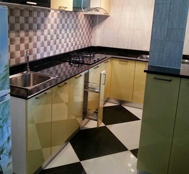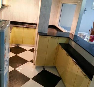 ชุดครัว Built-in โครงซีเมนต์บอร์ด หน้าบาน Hi Gloss สีเหลืองอ่อน
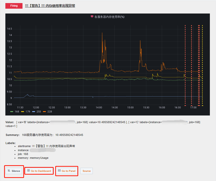 将 http_addr、domain 改为服务器的公网IP。之后邮件里的跳转链接就变成了 root_url,我们就能访问到对应告警指标的监控页面了。
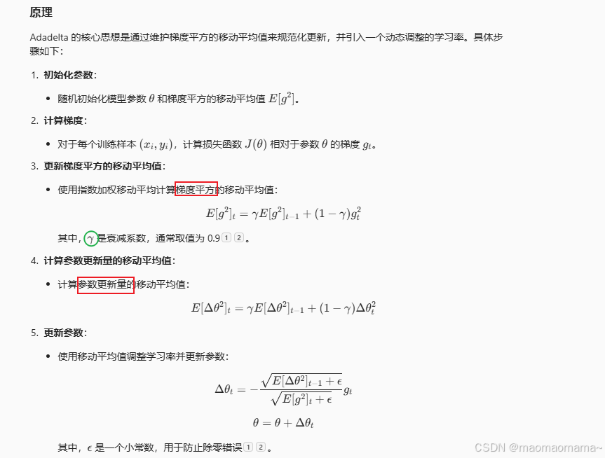 Adadelta 是一种自适应学习率优化算法,由 Matthew D. Zeiler 于 2012 年提出。它是对 Adagrad 的改进,旨在解决 Adagrad 学习率逐渐变小的问题。Adadelta 通过限制累积梯度的窗口大小,动态调整每个参数的学习率,从而提高训练效率和稳定性。
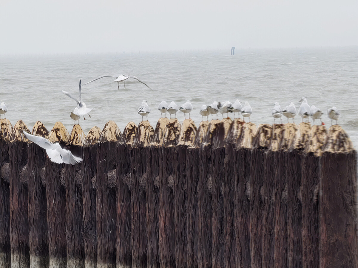 2025年12月23日,无锡太湖,整齐排列在木桩上小憩的海鸥。
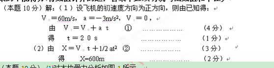 (10分)飞机着陆后匀减速滑行,它滑行的初速度是60m/s,加速度大小是3m/s2,则:(1)飞机着陆后滑行的时间是多少?(2)要滑行多远才能停下来?
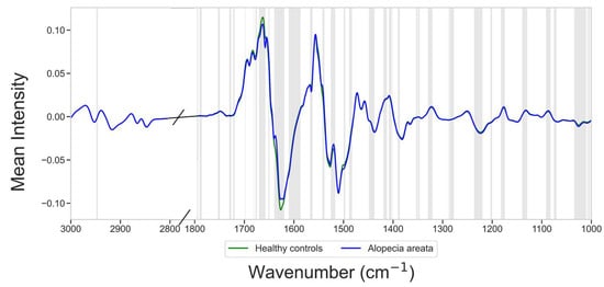 Mean pre-processed intensities of the wavenumbers in healthy controls (green line), which are significantly different from those in alopecia areata patients (blue line, highlighted with a grey shade).
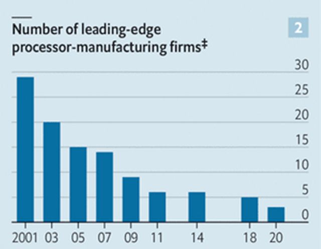 圖 2 銳減的芯片制造企業(yè)數(shù)量

-*-*-

■ **Assignment**: Restate each entry word for word; pictures stay out of the copy.

■ **Task result**:
 ชุดครัว Built-in โครงซีเมนต์บอร์ด หน้าบาน Hi Gloss สีเหลืองอ่อน
 将 http_addr、domain 改为服务器的公网IP。之后邮件里的跳转链接就变成了 root_url,我们就能访问到对应告警指标的监控页面了。
 Adadelta 是一种自适应学习率优化算法,由 Matthew D. Zeiler 于 2012 年提出。它是对 Adagrad 的改进,旨在解决 Adagrad 学习率逐渐变小的问题。Adadelta 通过限制累积梯度的窗口大小,动态调整每个参数的学习率,从而提高训练效率和稳定性。
 2025年12月23日,无锡太湖,整齐排列在木桩上小憩的海鸥。
 (10分)飞机着陆后匀减速滑行,它滑行的初速度是60m/s,加速度大小是3m/s2,则:(1)飞机着陆后滑行的时间是多少?(2)要滑行多远才能停下来?
 Mean pre-processed intensities of the wavenumbers in healthy controls (green line), which are significantly different from those in alopecia areata patients (blue line, highlighted with a grey shade).
 圖 2 銳減的芯片制造企業(yè)數(shù)量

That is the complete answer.